━━━━━ Records to use
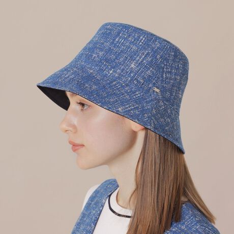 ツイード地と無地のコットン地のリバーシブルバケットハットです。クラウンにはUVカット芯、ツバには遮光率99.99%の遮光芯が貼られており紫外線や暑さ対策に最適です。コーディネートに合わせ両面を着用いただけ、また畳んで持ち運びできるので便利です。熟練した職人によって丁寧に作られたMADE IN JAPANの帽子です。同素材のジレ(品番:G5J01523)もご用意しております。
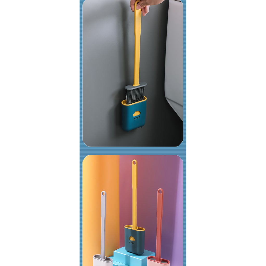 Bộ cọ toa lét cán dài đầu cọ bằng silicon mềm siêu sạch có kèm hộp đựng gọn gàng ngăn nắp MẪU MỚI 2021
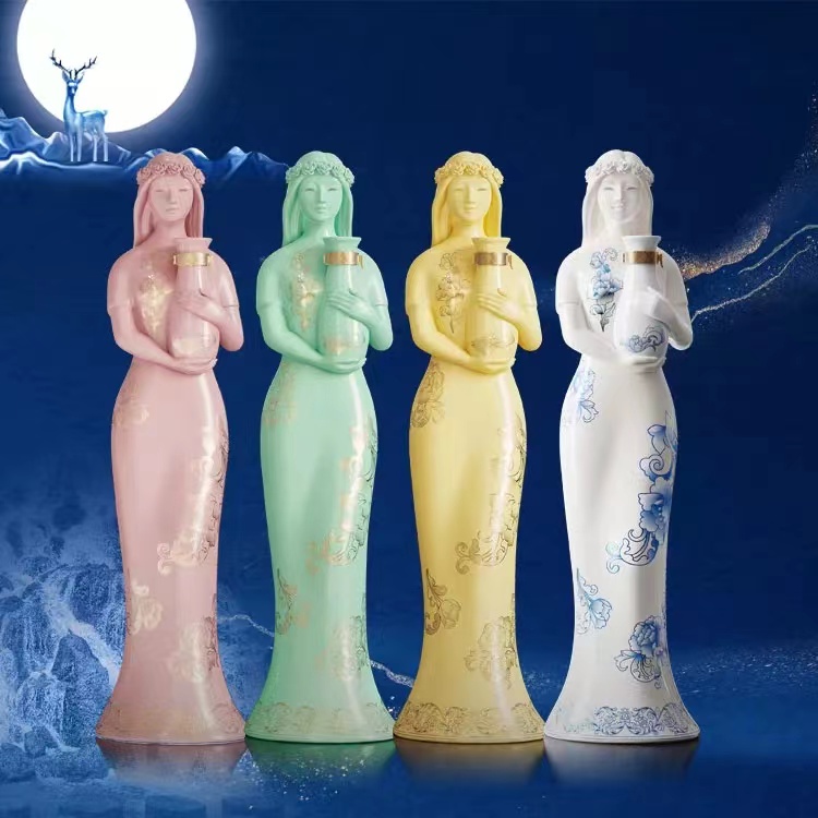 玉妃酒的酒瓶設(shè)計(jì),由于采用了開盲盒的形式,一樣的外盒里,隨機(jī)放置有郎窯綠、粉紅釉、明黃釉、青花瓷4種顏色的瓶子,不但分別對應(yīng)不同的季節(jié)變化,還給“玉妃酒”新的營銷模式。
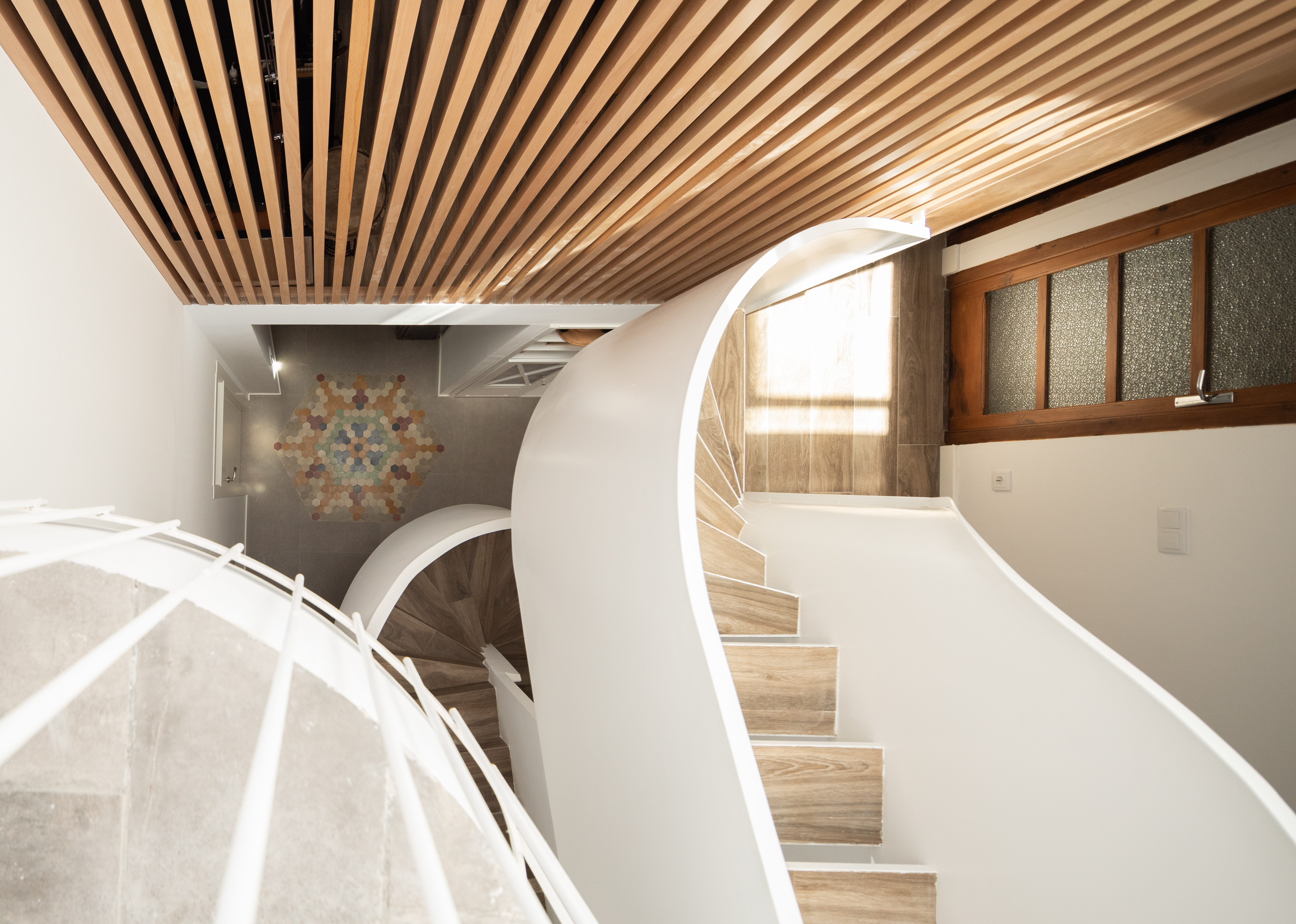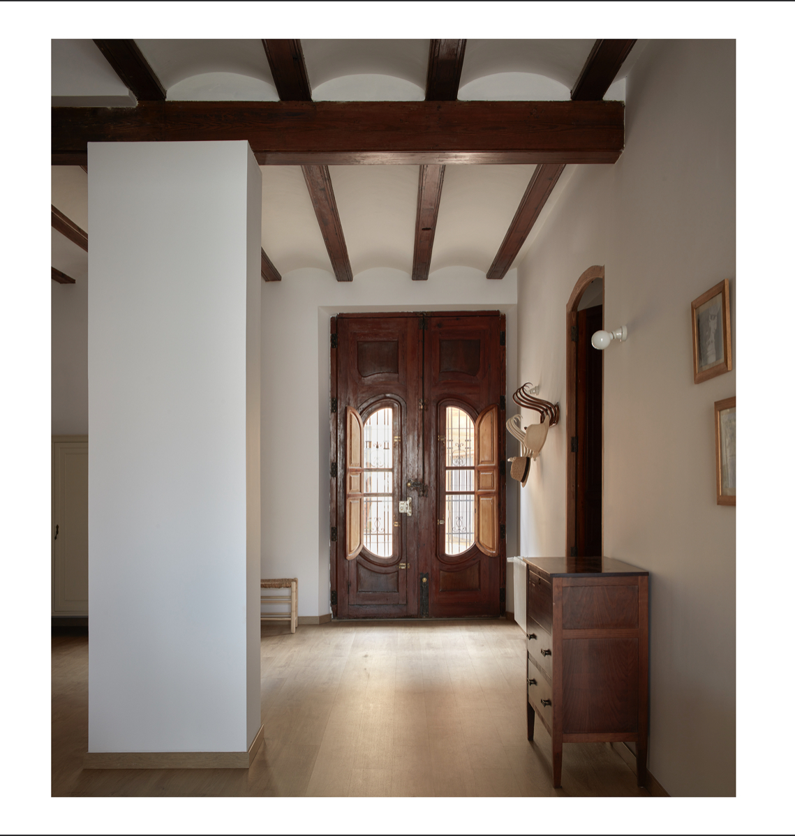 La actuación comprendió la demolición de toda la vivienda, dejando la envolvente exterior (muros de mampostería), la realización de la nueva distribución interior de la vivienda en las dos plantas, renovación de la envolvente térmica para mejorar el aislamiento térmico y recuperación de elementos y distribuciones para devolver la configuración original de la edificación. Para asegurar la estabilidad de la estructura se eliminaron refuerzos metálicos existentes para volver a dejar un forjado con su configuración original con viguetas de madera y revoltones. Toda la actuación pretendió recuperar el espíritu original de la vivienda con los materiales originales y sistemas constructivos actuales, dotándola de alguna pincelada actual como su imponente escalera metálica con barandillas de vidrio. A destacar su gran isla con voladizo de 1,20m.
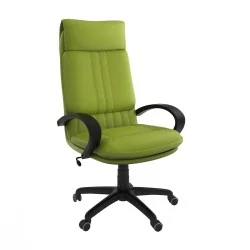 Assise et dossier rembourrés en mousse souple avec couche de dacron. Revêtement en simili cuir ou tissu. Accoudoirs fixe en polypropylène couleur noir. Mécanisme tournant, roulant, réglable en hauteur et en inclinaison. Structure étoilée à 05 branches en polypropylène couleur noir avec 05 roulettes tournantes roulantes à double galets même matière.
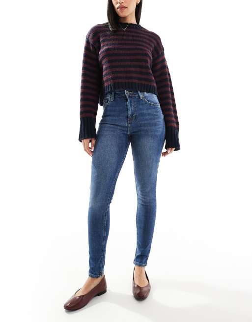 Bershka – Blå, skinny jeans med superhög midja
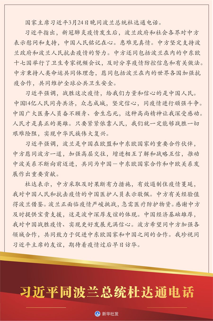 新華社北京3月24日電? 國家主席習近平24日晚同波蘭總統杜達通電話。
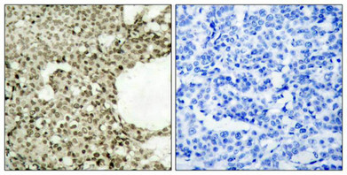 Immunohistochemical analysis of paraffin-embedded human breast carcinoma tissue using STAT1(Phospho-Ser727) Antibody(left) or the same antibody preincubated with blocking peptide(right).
━━━━━━━━━━
> **Assignment**: Please restate each entry exactly, but drop any picture it holds.

> **Answer to this task**:
 ツイード地と無地のコットン地のリバーシブルバケットハットです。クラウンにはUVカット芯、ツバには遮光率99.99%の遮光芯が貼られており紫外線や暑さ対策に最適です。コーディネートに合わせ両面を着用いただけ、また畳んで持ち運びできるので便利です。熟練した職人によって丁寧に作られたMADE IN JAPANの帽子です。同素材のジレ(品番:G5J01523)もご用意しております。
 Bộ cọ toa lét cán dài đầu cọ bằng silicon mềm siêu sạch có kèm hộp đựng gọn gàng ngăn nắp MẪU MỚI 2021
 玉妃酒的酒瓶設(shè)計(jì),由于采用了開盲盒的形式,一樣的外盒里,隨機(jī)放置有郎窯綠、粉紅釉、明黃釉、青花瓷4種顏色的瓶子,不但分別對應(yīng)不同的季節(jié)變化,還給“玉妃酒”新的營銷模式。
 La actuación comprendió la demolición de toda la vivienda, dejando la envolvente exterior (muros de mampostería), la realización de la nueva distribución interior de la vivienda en las dos plantas, renovación de la envolvente térmica para mejorar el aislamiento térmico y recuperación de elementos y distribuciones para devolver la configuración original de la edificación. Para asegurar la estabilidad de la estructura se eliminaron refuerzos metálicos existentes para volver a dejar un forjado con su configuración original con viguetas de madera y revoltones. Toda la actuación pretendió recuperar el espíritu original de la vivienda con los materiales originales y sistemas constructivos actuales, dotándola de alguna pincelada actual como su imponente escalera metálica con barandillas de vidrio. A destacar su gran isla con voladizo de 1,20m.
 Assise et dossier rembourrés en mousse souple avec couche de dacron. Revêtement en simili cuir ou tissu. Accoudoirs fixe en polypropylène couleur noir. Mécanisme tournant, roulant, réglable en hauteur et en inclinaison. Structure étoilée à 05 branches en polypropylène couleur noir avec 05 roulettes tournantes roulantes à double galets même matière.
 Bershka – Blå, skinny jeans med superhög midja
 新華社北京3月24日電? 國家主席習近平24日晚同波蘭總統杜達通電話。
 Immunohistochemical analysis of paraffin-embedded human breast carcinoma tissue using STAT1(Phospho-Ser727) Antibody(left) or the same antibody preincubated with blocking peptide(right).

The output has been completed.